Branching Out: The future of retail banking

How will culture-change-driven-innovation change retail banking – will the future be branchless; will mobile banking grow fast; and will we get to a cashless future? Today’s Branching Out report answers these questions through a new joint survey with ComRes.

The bank branch definitely has a future. The branch is overwhelming preferred, with 62% of our survey preferring to access banking services through the branch. However despite this preference there was less evidence of a personal tie, with only a minority of people knowing the name of someone at their branch. In the written responses to our research, Head of Personal and Business Banking at Barclays, Steve Cooper, affirmed the future of the branch, and Accord the Union General Secretary, Ged Nichols, said that branch service will be the core of culture change and improved service. We believe that the innovation in automation that is now being rolled out will mean that fewer transactions and more of the complex services will be done in the branch and as a result more people will know the name of someone at their branch. Steve Cooper will be on our panel for our launch event this lunchtime.

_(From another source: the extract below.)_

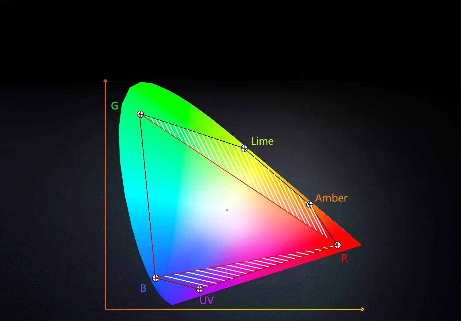 6-in-1 RGB+Amber, Lime & UV – Richer Colors, Instant Impact
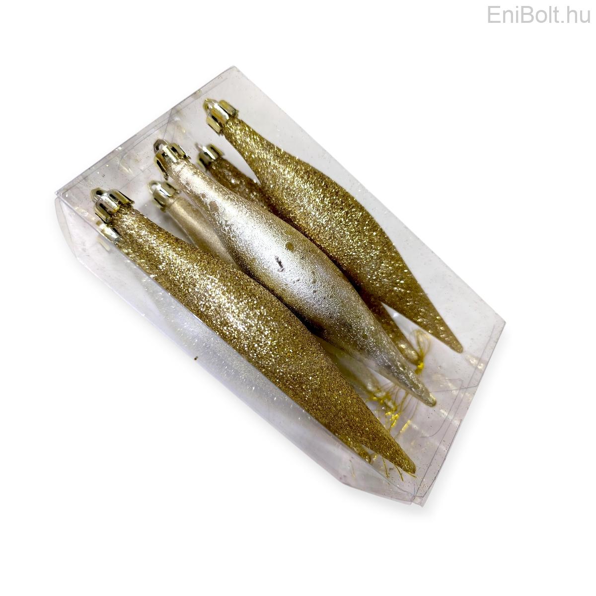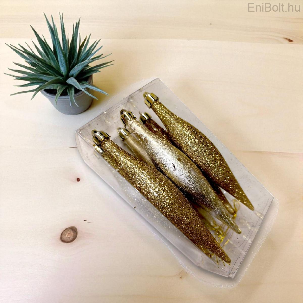 Arany elegancia csepp alakú karácsonyfadísz szett – 6 db, 16 cm

However, we also believe that branch is under pressure. In our survey, only a minority of affluent and young people – the demographics that account for much of retail banking revenues – prefer the branch. The branch is also the channel seeing the most innovative entry, from Handelsbanken and Metrobank, making it the focus of competition. The branch is also the most expensive channel of service, fifty times more expensive than mobile service. It’s not surprising, therefore, that Nottingham University’s research showed that branch closures have been falling most heavily in former manufacturing areas. While we do wonder if the Post Office Bank with its 12,000 potential branches could make improve branch access, we are concerned that capping the market share of banks will have the effect of making closures in poorer areas more acute. Adrian Harvey, from Citizen’s Advice Bureau, writes in our report on the problems of financial exclusion of poor branch service. Adrian will be on our panel.

However, our report wonders if a future universal banking service lies in the innovation that ought to be possible in mobile banking; innovations that gives back control of payments to the consumer. Mark Mullen, CEO of first direct (a bank that doesn’t have any branches, but consistently is voted consumers’ bank of the year) suggests in his response, that banks have misunderstood the market opportunity in the online adoption laggards. His view is that they represent the obvious beta-testers for a much better banking service. We are excited by this opportunity and look forward to a much better service, citing American innovator, Moven as an example, and noting that another innovator, Simple, was bought by a big bank last week.

We think the cashless society is very close and is being held back by very high charges – merchant card charges are 25 times cash handling charges. We hope that banks will realise that by reducing merchant charges they will reduce the costs of the cash driven use of the branch. Adam Marshall from the British Chambers of Commerce will be at our event. The cashless society could be driven by future entrants in mobile banking, however we don’t see any on the horizon, and this worries us – that’s why we suggested Oyster card get a banking licence.

Indeed, we worry that nearly all of the entrants into banking are not offering a current account but are only offering lending. The lending market of the last decade was very competitive but it led to Northern Rock’s. We think good competition comes from both from current account innovation, but even more so from the peer to peer and crowd funding innovators. Current accounts contribute a quarter of banks’ revenues, profits that banks that just lend miss out on, making them more vulnerable to losses and going bust. If the FCA’s competition policy is macroprudential then at a minimum it should be easier to enter the current account market than the lending market, and perhaps the regulator should consider restricting lending licences to those offering a current account.

We wonder why the regulator doesn’t like crowd funding and peer-to-peer more. They seem much more macroprudential to us because losses in these platforms will never fall back on the taxpayer. We therefore agree with John Fingleton’s comment that we need a much more support for innovation in competition policy from the FCA. John will be on our panel as well.